* _To do_
Look below for the line with "스탠리 600W 유선 전기 직쏘 SJ60 직소 절단 톱"; begin the copy there and stop after the line with "Use your Agents", keeping the text exact and the pictures out.

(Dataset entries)
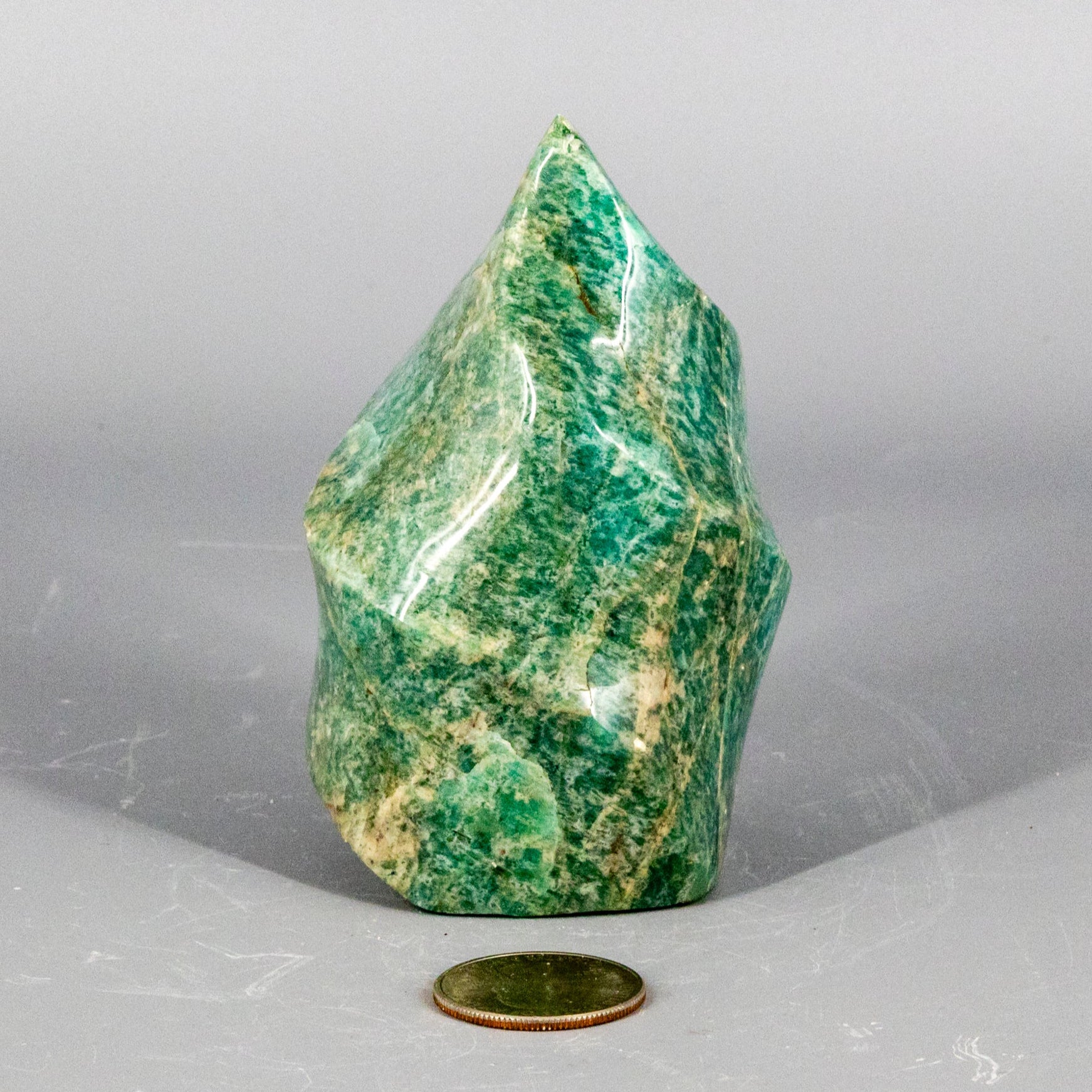 Amazonite Flame Freeform showcases the calming beauty of amazonite carved into a dynamic flame-shaped form. This piece enhances spaces with its soothing blue-green hues, known for promoting clarity and balance. Ideal for collectors or practitioners, its unique shape allows versatile display options, blending natural elegance with metaphysical harmony.
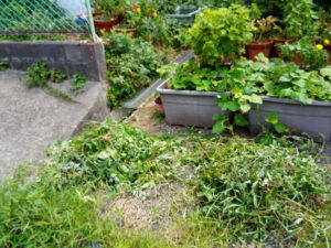 左: 左の山が普通の草;右の山がツユクサ等、雨に濡れて直ぐに発根してしまうもの。
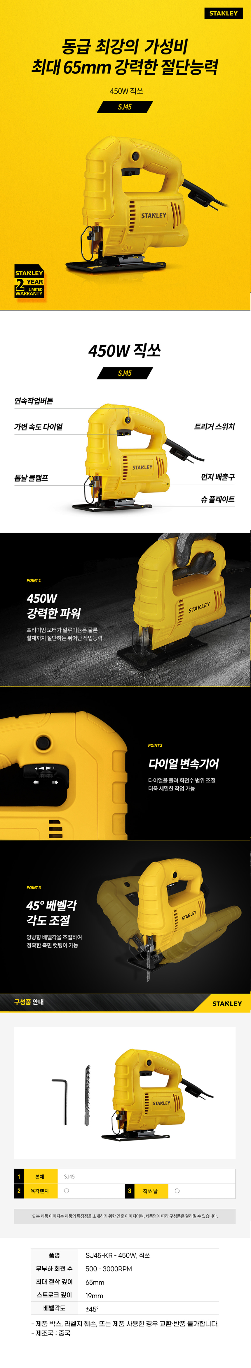 스탠리 600W 유선 전기 직쏘 SJ60 직소 절단 톱
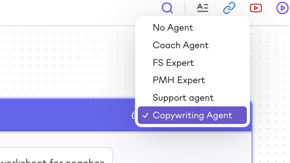Use your Agents inside the Canvas or Builder to brainstorm, write, or refine lessons, emails, and copy.
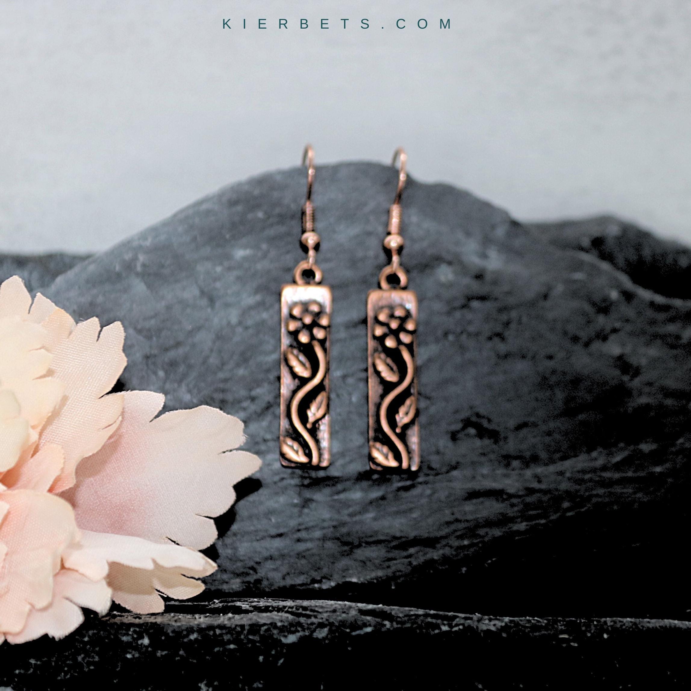 These cute trendy bar earrings come in your choice of antique silver, antique bronze or antique copper. The bars have adorable flower embelishments engraved on them, giving them depth and interest. Perfect for weekend wear and office wear.
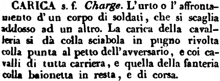 | Carica - s. f. Charge. L'urto o l'affrontamento d'un corpo di soldati, che si scaglia addosso ad un altro. La carica della cavalleria si dà colla sciabola in pugno rivolta colla punta al petto dell'avversario, e coi cavalli di tutta carriera, e quella della fanteria colla baionetta in resta, e di corsa. [immagine] |

* _Solution for this task_
 스탠리 600W 유선 전기 직쏘 SJ60 직소 절단 톱
Use your Agents inside the Canvas or Builder to brainstorm, write, or refine lessons, emails, and copy.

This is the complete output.